Post by bob quarteroni on Aug 19, 2013 10:17:36 GMT -5
THIS is going to be an interesting experiment -- going against the sucking black hole that is devouring newspapers at an ever-faster rate. Can't wait to see how this one plays out.
By Justin Pritchard, Published: August 18
LONG BEACH, Calif. — The latest experiment in American journalism is a throwback: a new daily newspaper to compete against an established one in a big city.
With Monday’s debut of the Long Beach Register, the owners of the Orange County Register are expanding their bet that consumers will reward an investment in news inked on paper and delivered to their doorsteps.
The competition is the Long Beach Press-Telegram, which was founded more than a century ago and maintains an average weekday circulation of about 55,000.
As a result of the budding newspaper battle, this city of 468,000 is joining Chicago, Philadelphia and Boston as a two-newspaper town.
“We believe that a city with the size and vibrancy of Long Beach should be happy to support a great newspaper of the variety we want to provide,” said Aaron Kushner, who since buying the Orange County Register a year ago with a partner has surprised industry watchers by expanding the reporting staff and page counts. “If it is, we’ll make healthy money. If it’s not, that’ll be unfortunate for everyone. But we believe we’ll be successful.”
By launching the Long Beach Register, Kushner, publisher of the Register and chief executive of Freedom Communications, is taking his contrarian instincts outside Orange County.
Media business analyst Rick Edmonds said the last time he can recall a major U.S. city adding a new daily paper was around World War II, when Chicago got the Sun-Times and New York got Newsday. There have been scattered other instances in smaller cities, but since newspapers entered their recent troubles, the creation of a new rivalry is itself news. A brewing newspaper war in New Orleans between that city’s Times-Picayune and a challenger based about 80 miles away in Baton Rouge is the closest to what is unfolding in Long Beach.
“How will it play out?” asked Edmonds, of the Poynter Institute, a journalism foundation in St.
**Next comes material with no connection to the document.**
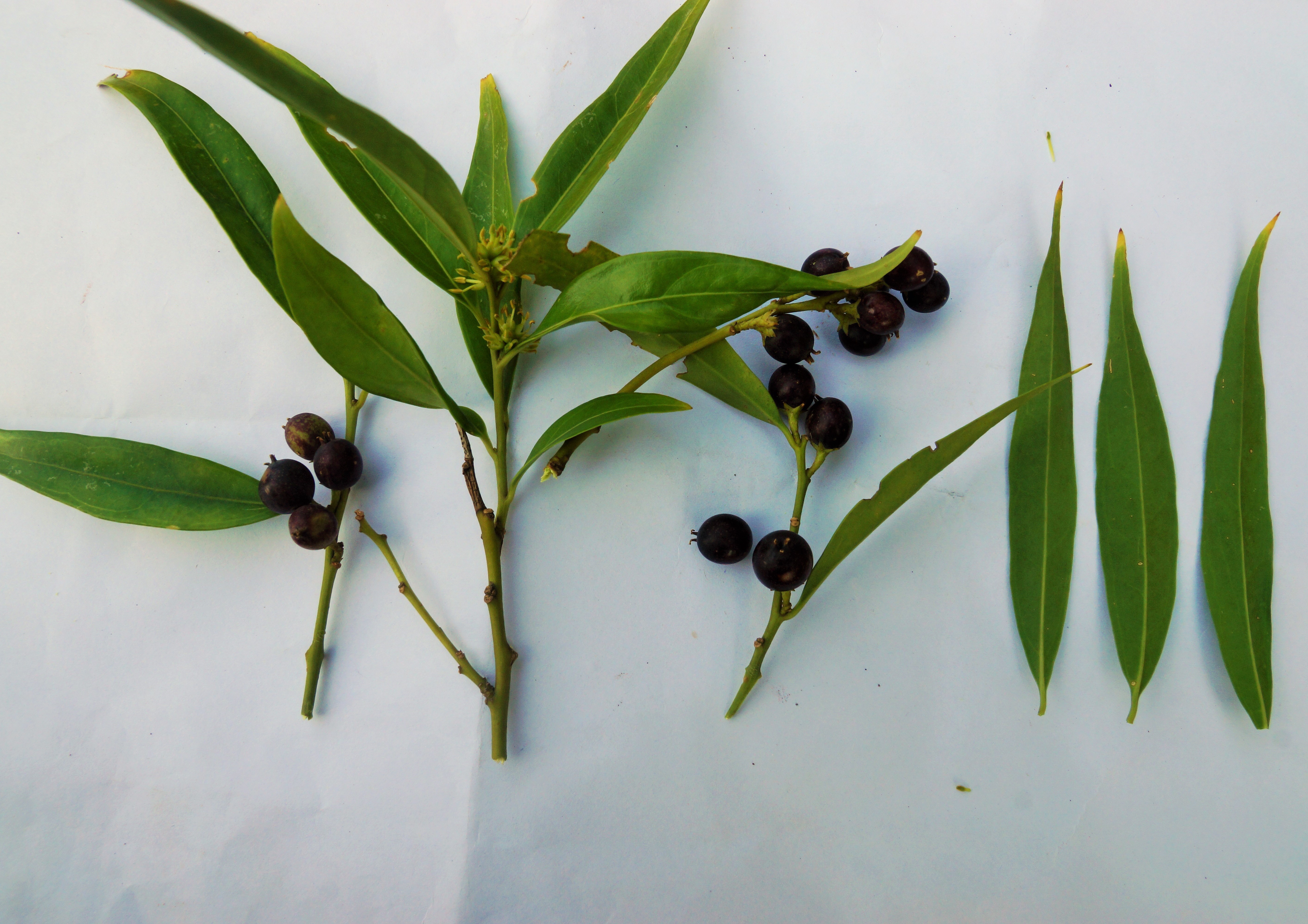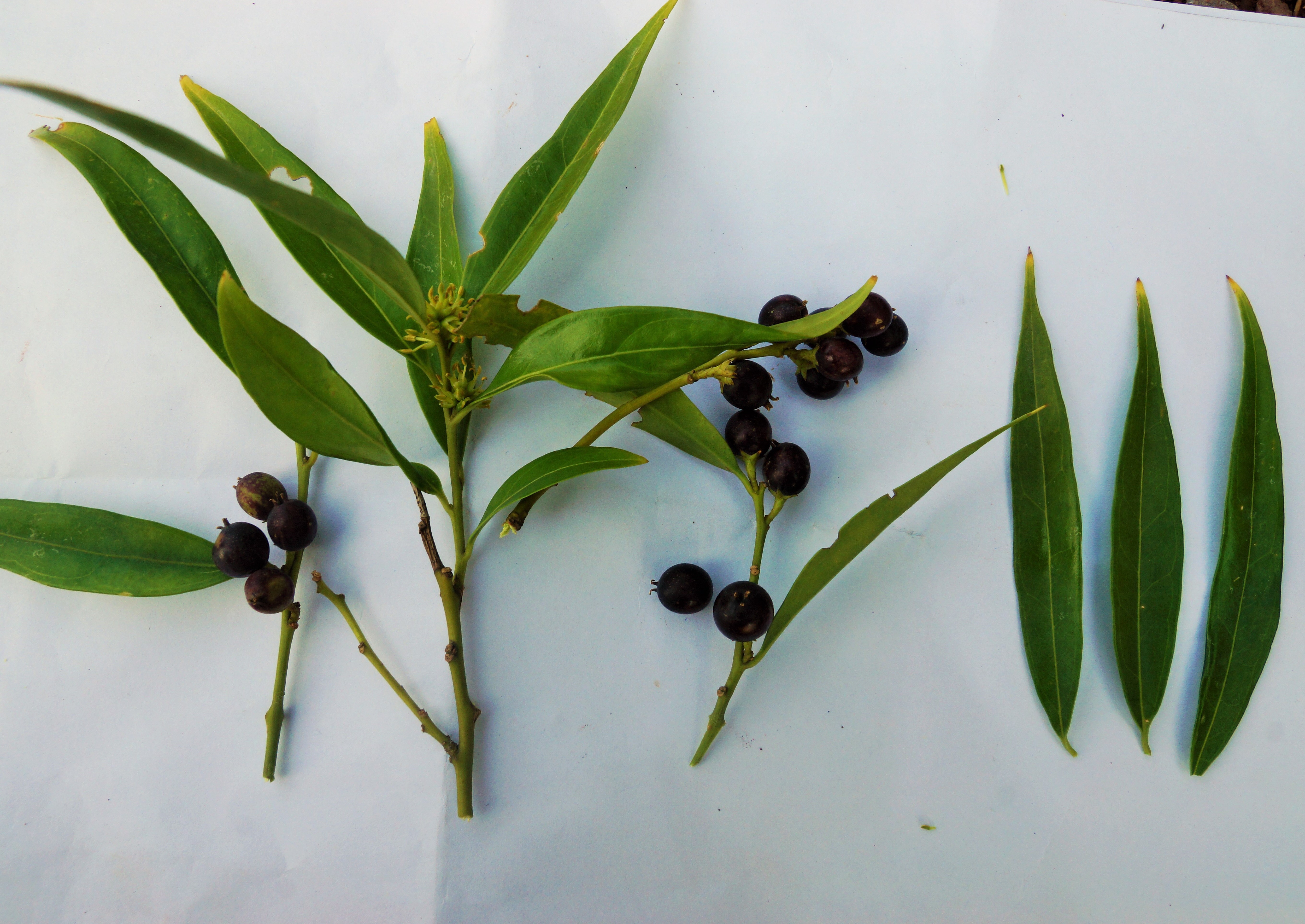 Leaves simple, entire, narrow to broadly lanceolate or narrowly ovate, acute, shiny, upper surface dark green, lower surface whitish green. Inflorescence a raceme, either male or female or mixed, with male flower towards apex and female towards base. Male raceme 6.8 mm long while female 1 cm long. Flower sessile, greenish white, unisexual, bract ovate. Sepals elliptic to broadly elliptic. Fruit a drupe, sub globose, purple, smooth.

Petersburg, Fla. “Don’t really know until it happens.”
Long Beach is a diverse city better known for its sprawling container ship port — one of the world’s largest — than its beaches.
While its oceanfront drive features a large aquarium and the historic Queen Mary ocean liner, it also has big-city problems, including gangs. Bordering Orange County’s urbanized north, it is in Los Angeles County, about 20 miles south of downtown Los Angeles.
In their small, sunlight-flooded newsroom, reporters for the new Register were greeted Thursday by two boxes of doughnuts and the kinds of issues that bedevil start-ups: Who sits where? How come this outlet has no power? How do I get an Internet connection?
After a round of introductions, editor Paul Eakins told his staff that with at least 16 pages to fill each day, the paper will cover “hyperlocal” news and welcome contributions from readers. In all, the paper has about 20 editorial employees.
Write about a boy becoming an Eagle Scout? Yes. Opening of the new dog park? You bet.
“I don’t think they quite know what’s coming,” Eakins said of readers.
The plan Monday is to distribute 10,000 copies, publisher Ian Lamont said. It will be wrapped around the Orange County Register, so readers will get coverage of Long Beach’s schools, sports, courts, happenings and City Hall — plus news from the region and world.
There will be no separate Long Beach paper on weekends.
Several reporters at the Long Beach Register are Press-Telegram alums, and though Eakins played down any rivalry, at the staff meeting there were gentle jabs about besting an old employer.
For their part, the Press-Telegram’s bosses are giving no ground.
“We’re not going to let a competitor come into our city and take it,” said Michael A. Anastasi, vice president of news and executive editor of the Los Angeles News Group, which owns the Press-Telegram and eight other daily papers in the area.
The competition’s certain winners, Anastasi said, will be local residents.